Syncona Ltd announced that it has launched Beacon Therapeutics Holdings Limited (Beacon Therapeutics), a leading ophthalmic gene therapy company with a purpose to restore and improve the vision of patients with retinal diseases, with a £96 million Series A financing.
Syncona launches new gene therapy company
Key highlights:
- Beacon Therapeutics launches as a leading ophthalmic gene therapy company, created by combining Applied Genetic Technologies Corporation's (AGTC’s) late-stage X-linked retinitis pigmentosa (XLRP) programme with two proprietary pre-clinical programmes.
- Syncona is leveraging its deep domain expertise and track record to create its third gene therapy company addressing retinal diseases, following Gyroscope and Nightstar.
- Syncona has committed £75 million to Beacon and will have a 65.3 per cent stake in the business, with a current holding value of £60 million.
Syncona’s holding value in Beacon Therapeutics is £60 million, having committed £75 million to the company, including the capital already invested to acquire and restructure AGTC. At the point all current commitments are invested, Syncona will have a 65.3 per cent stake in the business. Syncona led the financing round alongside additional investors including Oxford Science Enterprises (OSE).
The Series A financing will be used to advance Beacon Therapeutics’ gene therapy candidates through to key value inflection points, including Beacon Therapeutics’ lead programme AGTC-501, which is currently in Phase II clinical trials for the treatment of XLRP, an inherited monogenic disorder that leads to progressive vision loss in males. 12-month data from its Phase II SKYLINE trial is expected in H2 CY2023.

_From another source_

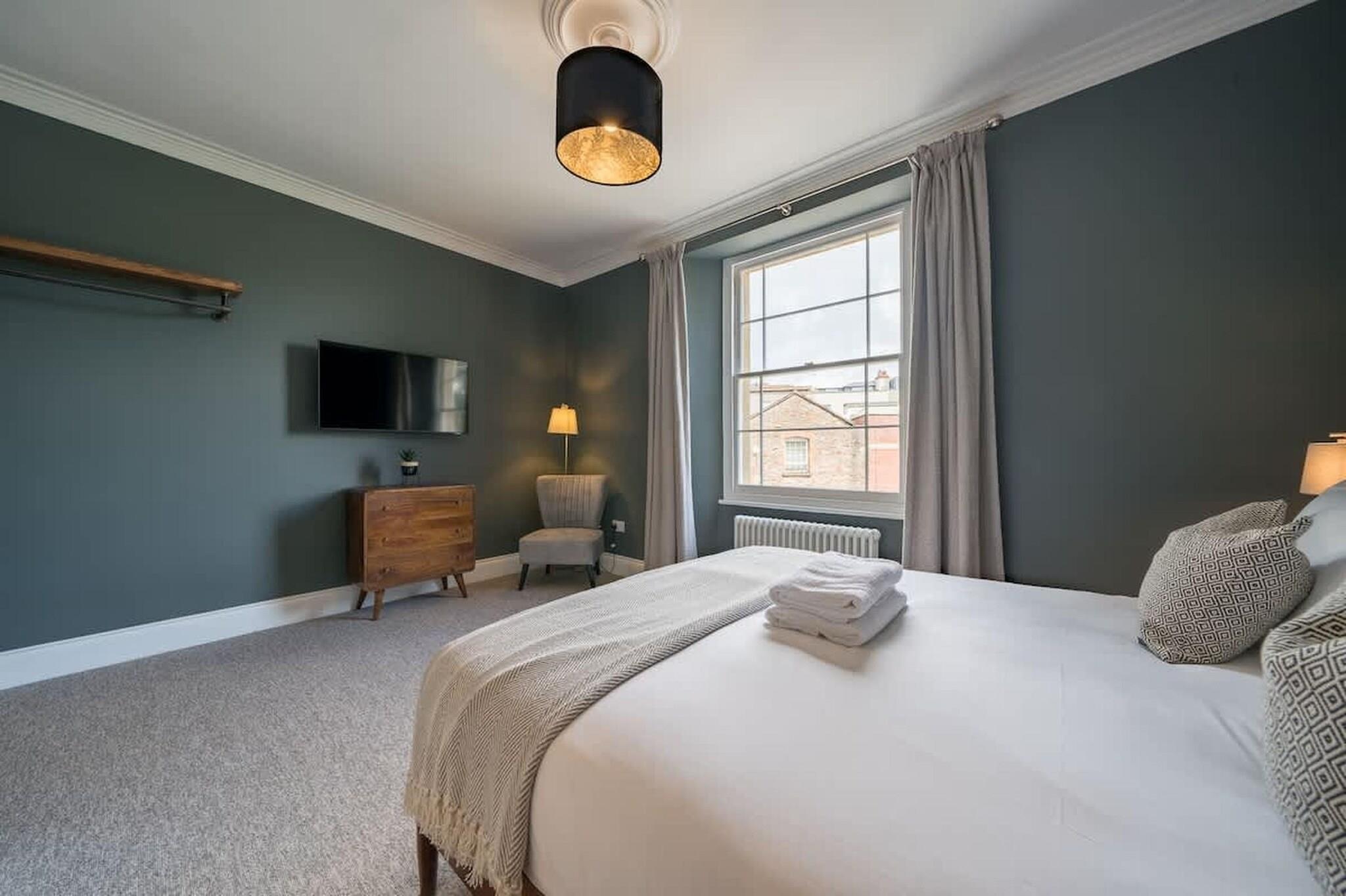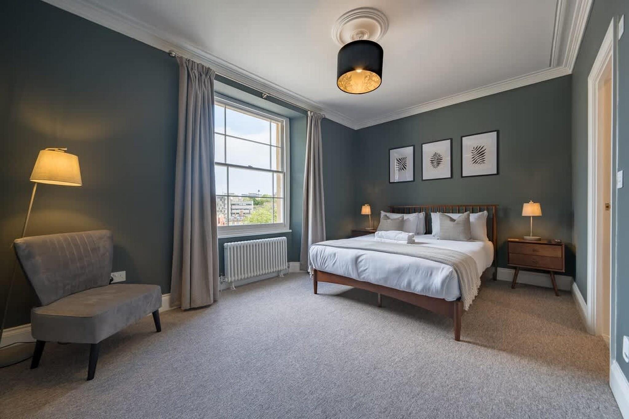Dette romslige, frittliggende rekkehuset for åtte gjester ligger i det elegante georgianske kvarteret Clifton i Bristol, og er designet for gruppeopphold der komfort, privatliv og felles øyeblikk teller like mye. Enten du besøker med familie, venner eller for en spesiell anledning, tilbyr planløsningen plass til å samles og plass til å slappe av. Innvendig byr stuen på en avslappet atmosfære med komfortable sitteplasser og en stor TV for rolige kvelder, mens en separat spisestue med et stort bord blir det naturlige knutepunktet for måltider, spill og lange samtaler. Det åpne kjøkkenet er fullt utstyrt med stekeovn, oppvaskmaskin og kjøleskap/fryser, noe som gjør det enkelt og sosialt å lage mat i fellesskap, snarere enn overfylt. Alle fire soverommene har dobbeltsenger, og det første soverommet tilbyr også en TV for ekstra komfort. Tre fullt funksjonelle bad med badekar sikrer behagelige morgener og rolige kvelder for alle i gruppen. En privat hage for felles øyeblikk og soling. Boligen er omhyggelig utstyrt for lengre opphold og blandede behov, inkludert Wi-Fi, et eget arbeidsområde, vaskemaskin/tørketrommel, oppvarming, barnestol, mørkleggingsgardiner og et innendørs lekeområde. Offentlig parkering i nærheten gir praktisk bekvemmelighet på denne sentrale beliggenheten. Gå ut, og du er bare noen øyeblikk unna den ikoniske Clifton Suspension Bridge, naturskjønne turstier over Avon Gorge og de grønne utsiktspunktene på Brandon Hill i Bristol. Den livlige Bristol Harbourside ligger også innen rekkevidde, fylt med kafeer, restauranter, båtturer og kulturelle steder. Dette er et opphold som kombinerer bykarakter, historisk sjarm og den enkle plassen til en godt planlagt base for grupper.

Beacon Therapeutics also has two promising pre-clinical programmes that Syncona identified. The first asset is an intravitreally delivered gene therapy for dry age-related macular degeneration (AMD), the leading cause of blindness in people over 60, and the second has been in-licensed from the University of Oxford and is targeting cone-rod dystrophy (CRD), a group of inherited vision loss disorders affecting the retina.
The new portfolio company has been created by Syncona through the combination of Applied Genetic Technologies Corporation’s (AGTC’s) late-stage programme in X-linked retinitis pigmentosa (XLRP), with two other innovative pre-clinical programmes.

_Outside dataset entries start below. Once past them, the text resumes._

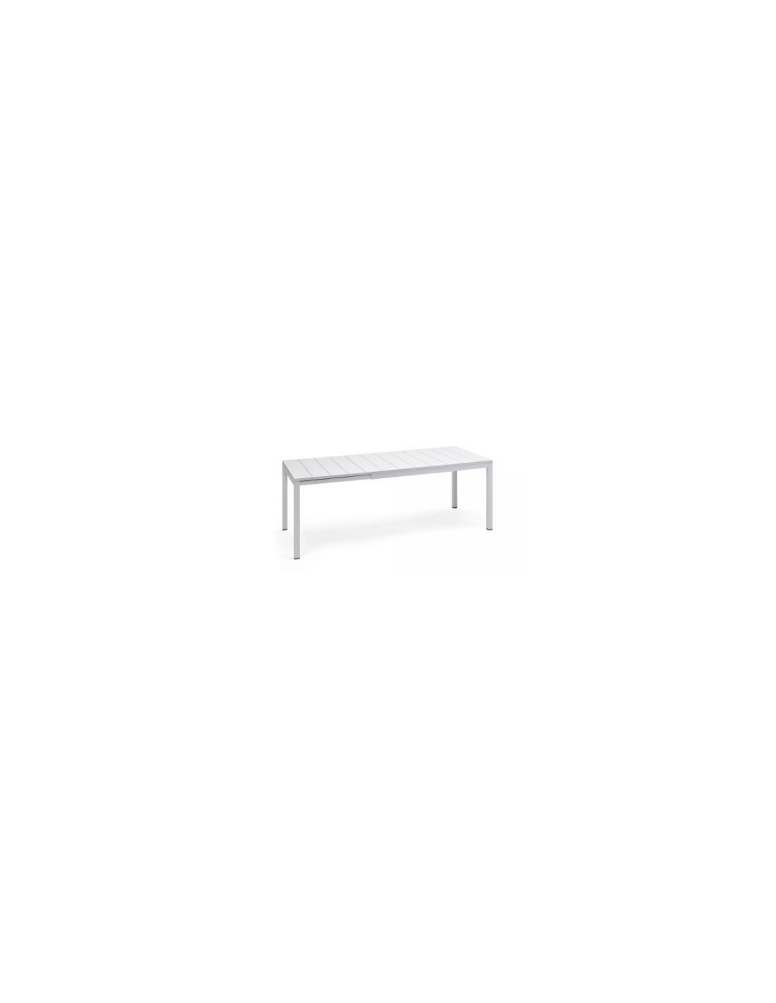 Table extensible. Matériau: plateau DurelTOP en polypropylène traité anti-UV et coloré dans la masse. Pieds en aluminium vernis. Effet mat. Vérins de réglage. 140 - 210 x 85 x 76h cm. Résine recyclable.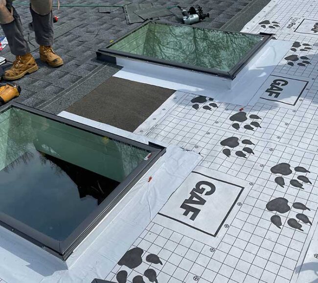 For this roof replacement, we started by thoroughly inspecting and assessing the existing roof to determine its condition and that of its dependent parts. Then, we prepared the site by removing old shingles and damaged decking and replacing all necessary sections.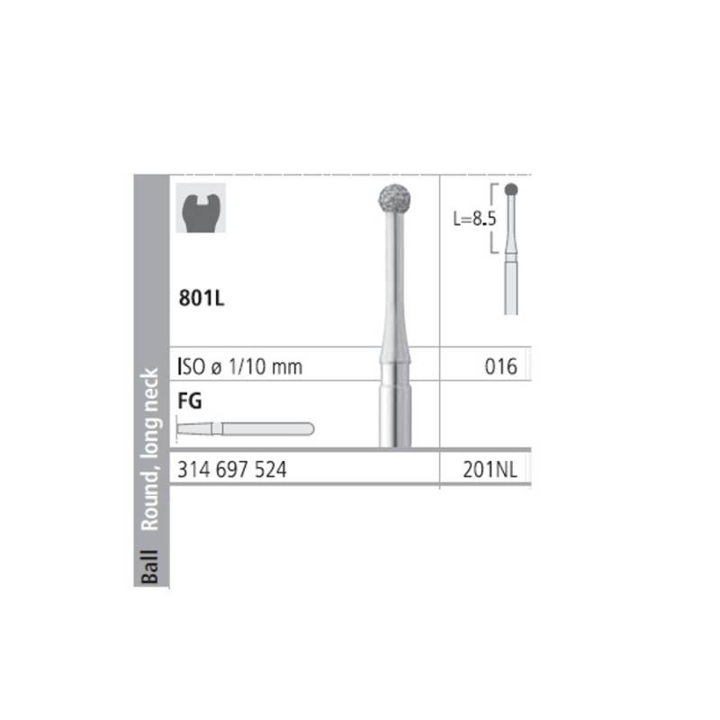 Fresas Diamante FG 201NL Grueso 801L-016 Bola Cuello Largo 6 uds Intensiv

Syncona has combined these assets with AGTC’s later-stage asset in XLRP to create its third ophthalmic gene therapy company, following Nightstar, which sold for $877 million, at a 4.5 multiple of cost, and Gyroscope, which was sold for up to $1.5 billion, at a potential 5.1x multiple of cost.
David Fellows will lead Beacon Therapeutics as Chief Executive Officer (CEO), bringing 40 years’ experience in ophthalmology to the management team, including five years as Nightstar’s CEO. He will be joined by Chief Medical Officer (CMO) Dr Nadia Waheed, a retinal expert and former Chief Medical Officer of Gyroscope, and gene therapy expert Dr Abraham Scaria, who has joined as Chief Scientific Officer. Syncona Investment Management Limited CEO, Chris Hollowood, has been appointed as Chair and Syncona Lead Partner Elisa Petris will be joining the Board as a Director. Professor Robert MacLaren, Professor of Ophthalmology at the University of Oxford, will be an active advisor on Beacon Therapeutics’ CRD program and has also become a non-executive director.

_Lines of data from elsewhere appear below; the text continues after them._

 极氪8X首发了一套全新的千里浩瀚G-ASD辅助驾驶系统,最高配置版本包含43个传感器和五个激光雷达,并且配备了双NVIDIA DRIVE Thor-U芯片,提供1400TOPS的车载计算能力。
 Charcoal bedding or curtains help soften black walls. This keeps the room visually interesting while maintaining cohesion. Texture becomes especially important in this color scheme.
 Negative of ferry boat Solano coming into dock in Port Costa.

Chris Hollowood, Chief Executive Officer of Syncona Investment Management Limited, said: "By acquiring AGTC and combining its late-stage programme with highly complementary and innovative science from the University of Oxford and elsewhere, we have created an exciting new gene therapy company in an area where we have a great breadth and depth of knowledge and expertise. The creation of this unique company demonstrates Syncona’s creativity and the proactive and proprietary nature of our approach to sourcing new opportunities.
David Fellows, Chief Executive Officer of Beacon Therapeutics, further commented: “Beacon Therapeutics combines a broad development pipeline, a deep scientific foundation, a strong clinical network, and a highly experienced management team to drive forward a unique late-stage clinical and pre-clinical pipeline. With the 12-month data from our Phase II SKYLINE trial for AGTC-501 expected shortly and two highly innovative and differentiated pipeline assets for prevalent and rare blinding diseases, we are excited to be building a new leader in the ophthalmic gene therapy space.”